== Exercise aim ==
Working from the entries that follow, transcribe exactly and only the lines from the one with "Stir-fry to quickly" through the last, pictures excluded.

(Dataset records)

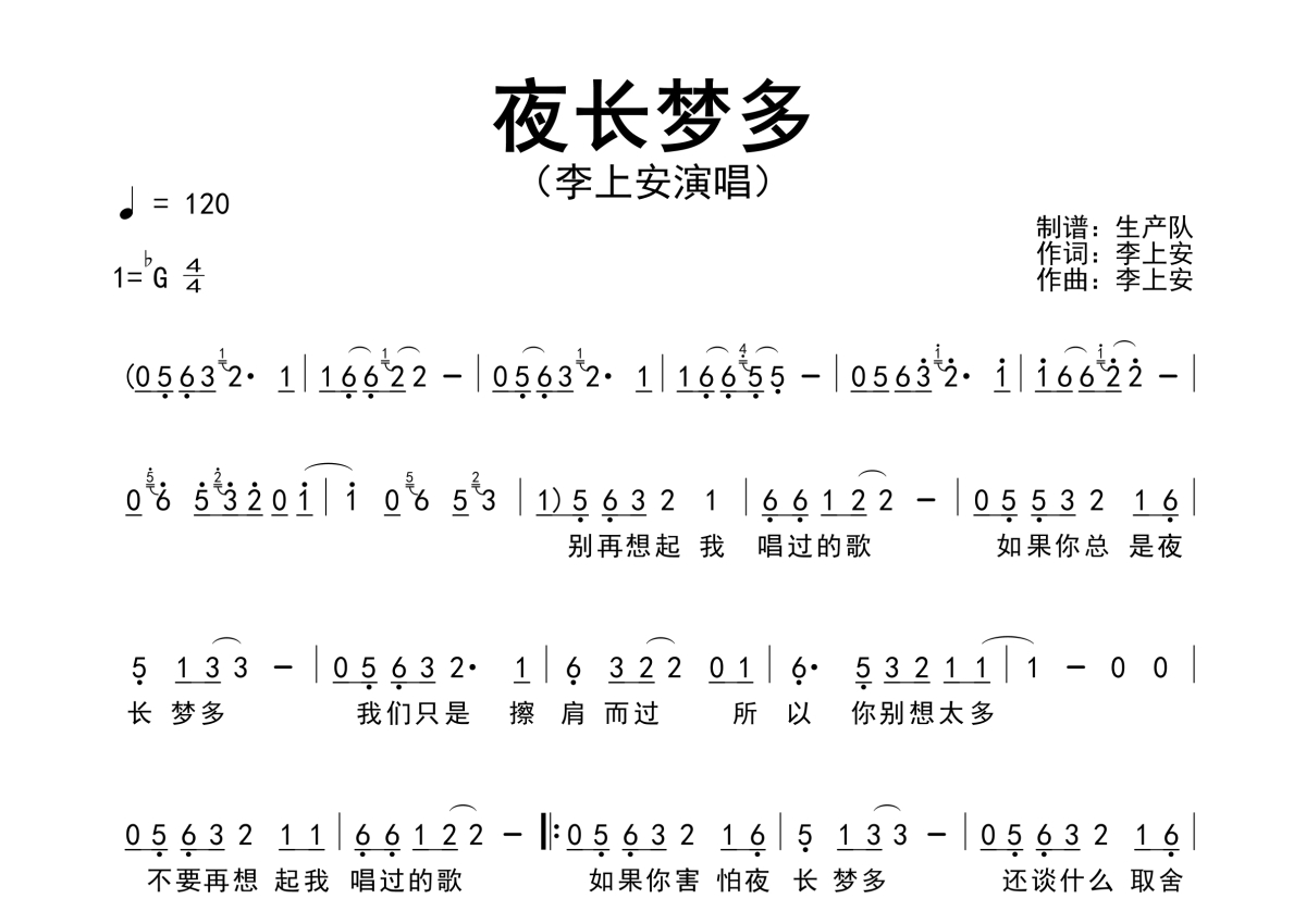 李上安《夜长梦多》简谱 - 原版简谱
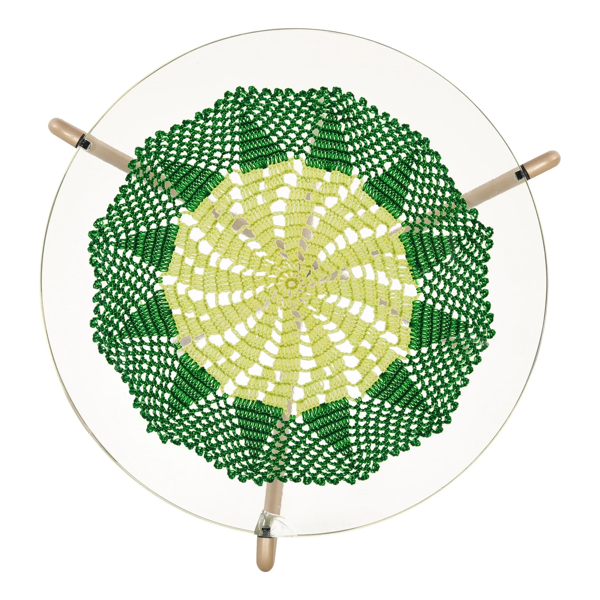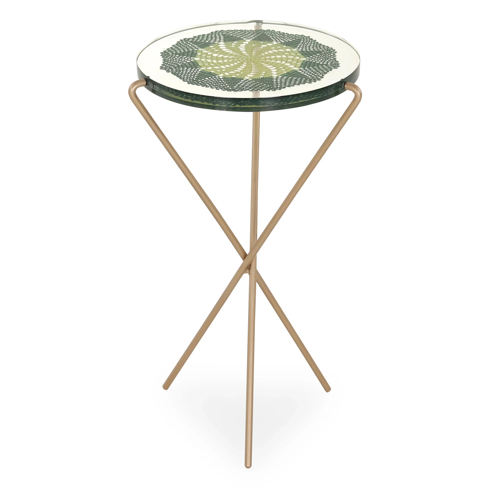 Side table with Crochet inlay in clear resin with metal base - medium
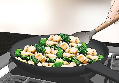 Stir-fry to quickly make a low-fat meal. Skip the batter and slice lean meat or vegetables into thin strips while you heat a skillet or wok over medium-high heat. Spritz a little cooking spray into the pan and add the prepped food. Keep stirring as the food cooks so it heats evenly and doesn't stick. This is a great way to get caramelized flavor without adding a lot of fat. If the food starts to stick to the pan, add a few spoonfuls of water or vegetable stock.
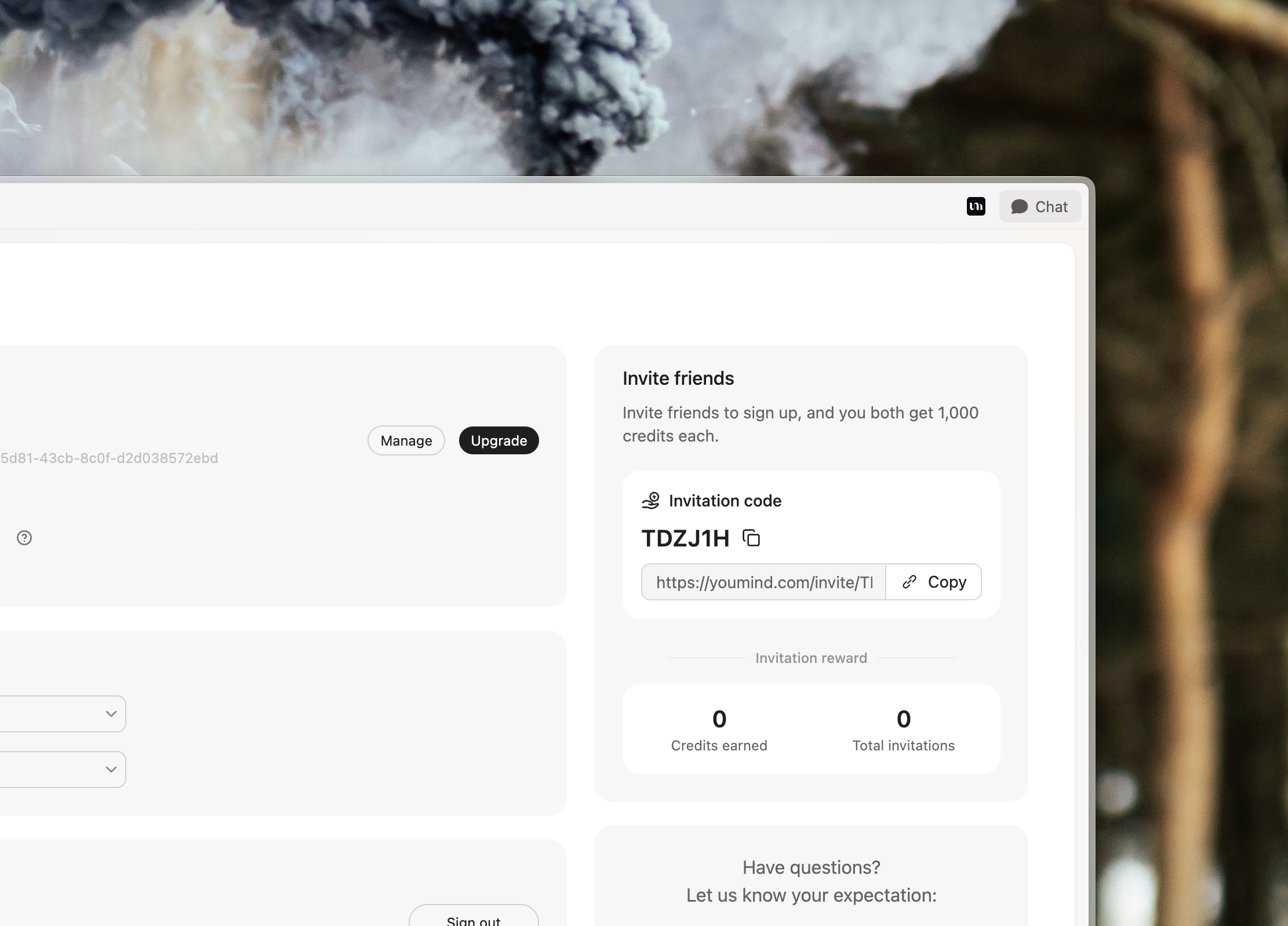 Wenn sich jemand über Ihren Einladungslink anmeldet, erhalten Sie beide1.000 Credits. Je mehr Leute Sie einladen, desto mehr Credits verdienen Sie. Verwenden Sie diese Credits für Forschung, KI-Schreiben, Bildgenerierung und alles andere in YouMind.
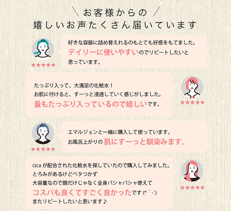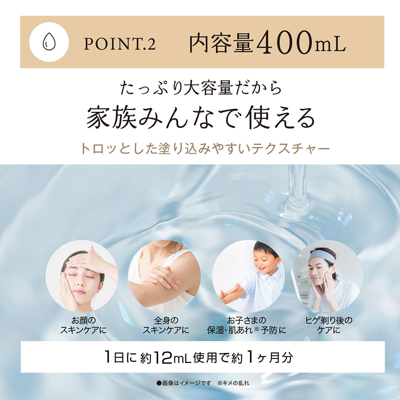 EGF、CICA、ビタミンC、プラセンタなど7種の保湿&整肌成分、さらに23種のうるおい成分を配合したもっちりぷるぷるを実感できる大容量ローションです。
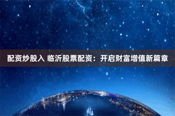配资炒股入 临沂股票配资:开启财富增值新篇章
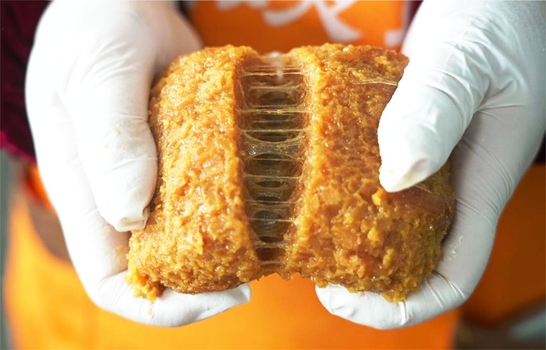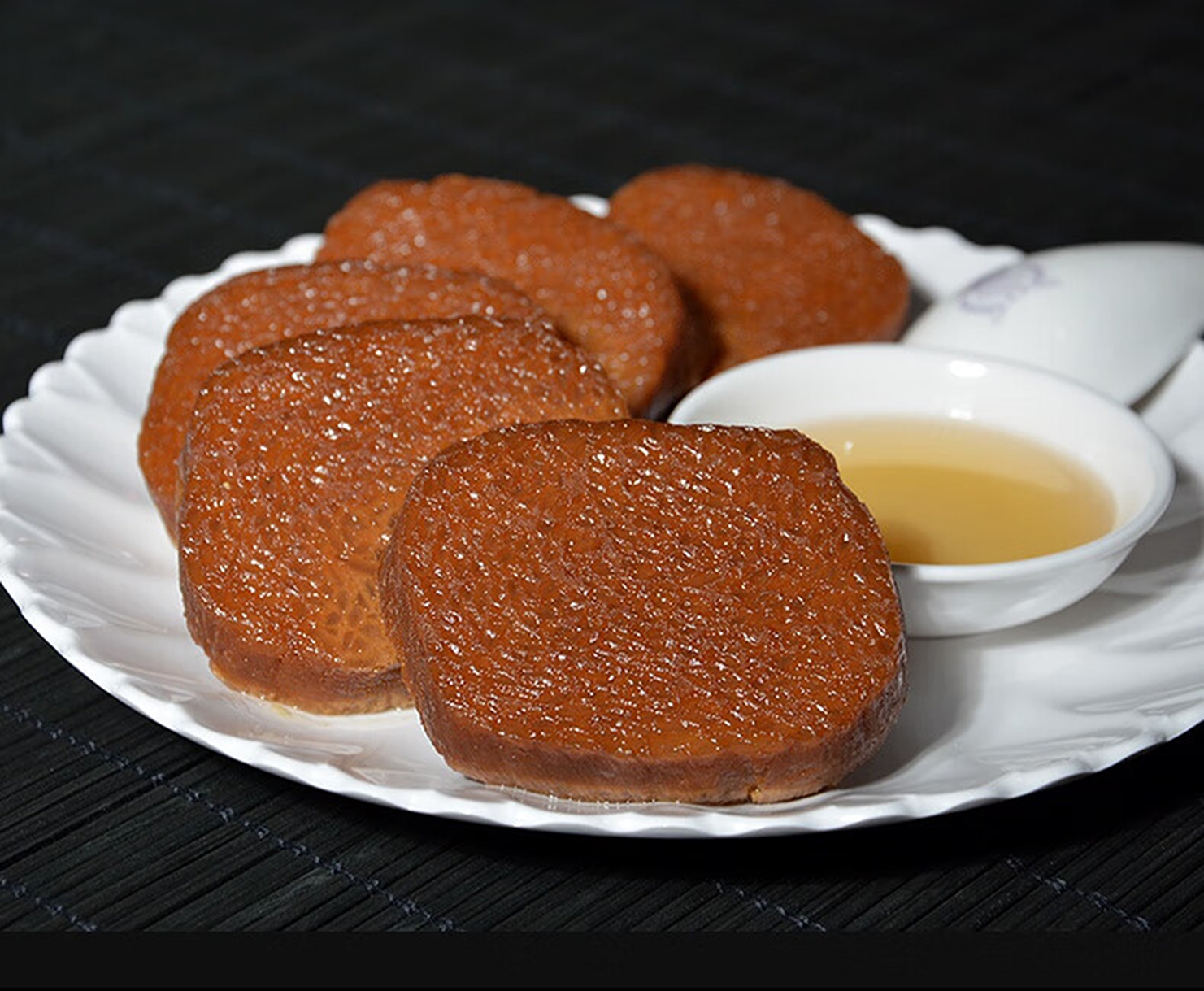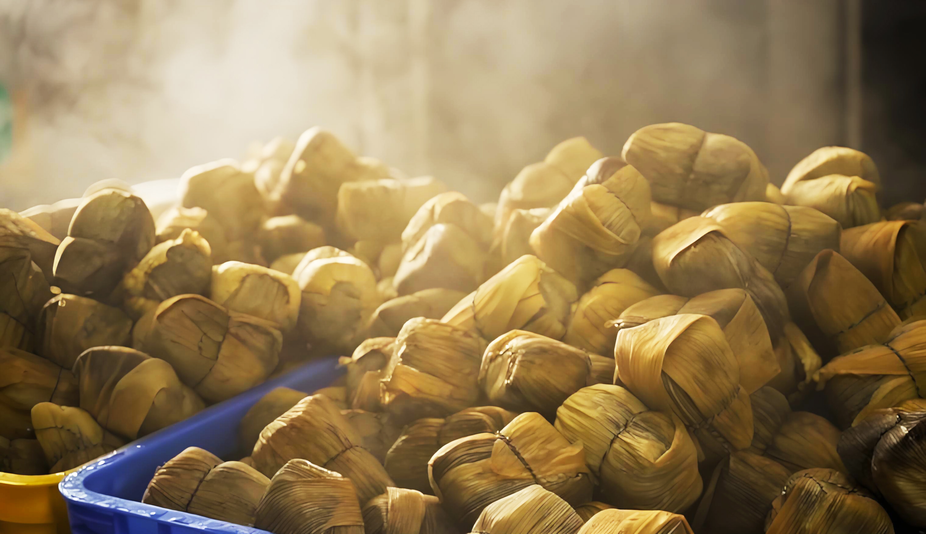 清镇黄粑的诞生,离不开这片土地的丰饶滋养。清镇位于北纬26°的黄金气候带,湿润多雨、土壤肥沃,孕育出颗粒饱满的黄豆、糯稻与香米。当地人传承匠人精选本地粳米与糯米按古方配比,佐以山泉浸泡磨浆,再以传统木甑密闭蒸制。经过漫长的发酵与12小时以上柴火蒸炼中,米糖自然转化,箬叶清香渗透,终成金黄如玉、甜润不腻的至臻风味。

== The completed task ==
 Stir-fry to quickly make a low-fat meal. Skip the batter and slice lean meat or vegetables into thin strips while you heat a skillet or wok over medium-high heat. Spritz a little cooking spray into the pan and add the prepped food. Keep stirring as the food cooks so it heats evenly and doesn't stick. This is a great way to get caramelized flavor without adding a lot of fat. If the food starts to stick to the pan, add a few spoonfuls of water or vegetable stock.
 Wenn sich jemand über Ihren Einladungslink anmeldet, erhalten Sie beide1.000 Credits. Je mehr Leute Sie einladen, desto mehr Credits verdienen Sie. Verwenden Sie diese Credits für Forschung, KI-Schreiben, Bildgenerierung und alles andere in YouMind.
 EGF、CICA、ビタミンC、プラセンタなど7種の保湿&整肌成分、さらに23種のうるおい成分を配合したもっちりぷるぷるを実感できる大容量ローションです。
配资炒股入 临沂股票配资:开启财富增值新篇章
 清镇黄粑的诞生,离不开这片土地的丰饶滋养。清镇位于北纬26°的黄金气候带,湿润多雨、土壤肥沃,孕育出颗粒饱满的黄豆、糯稻与香米。当地人传承匠人精选本地粳米与糯米按古方配比,佐以山泉浸泡磨浆,再以传统木甑密闭蒸制。经过漫长的发酵与12小时以上柴火蒸炼中,米糖自然转化,箬叶清香渗透,终成金黄如玉、甜润不腻的至臻风味。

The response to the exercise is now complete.